## DATASET EXTRACT
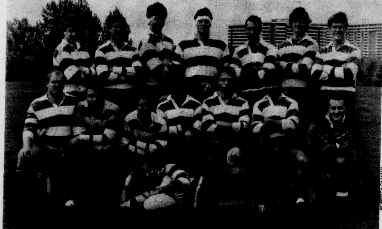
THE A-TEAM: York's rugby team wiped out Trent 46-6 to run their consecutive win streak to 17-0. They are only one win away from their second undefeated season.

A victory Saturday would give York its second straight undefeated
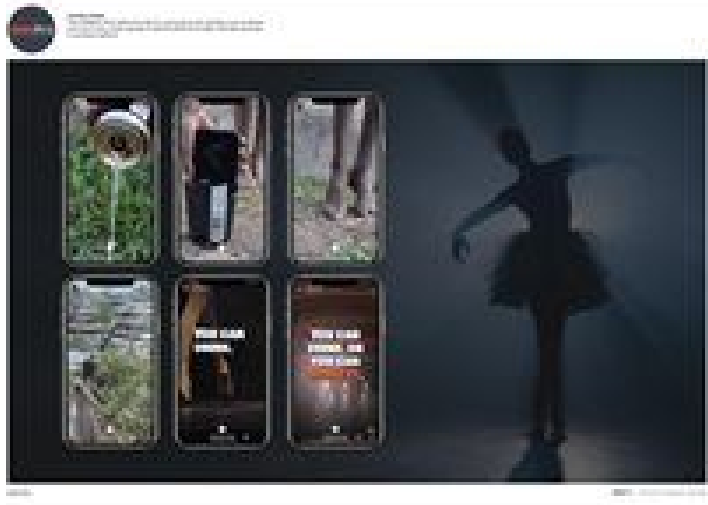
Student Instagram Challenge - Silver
* * *
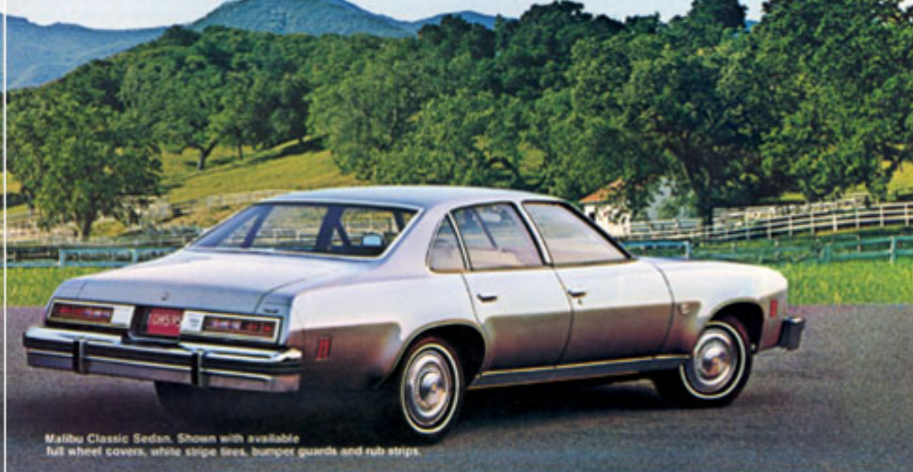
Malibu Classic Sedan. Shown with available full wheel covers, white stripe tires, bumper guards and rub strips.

## GOAL OF THE EXERCISE
Look through the listing above for the line with "A victory Saturday" and the line with "Student Instagram Challenge - Silver". Write out exactly those lines and everything between, leaving out pictures.

## REPLY TO THE TASK
A victory Saturday would give York its second straight undefeated
Student Instagram Challenge - Silver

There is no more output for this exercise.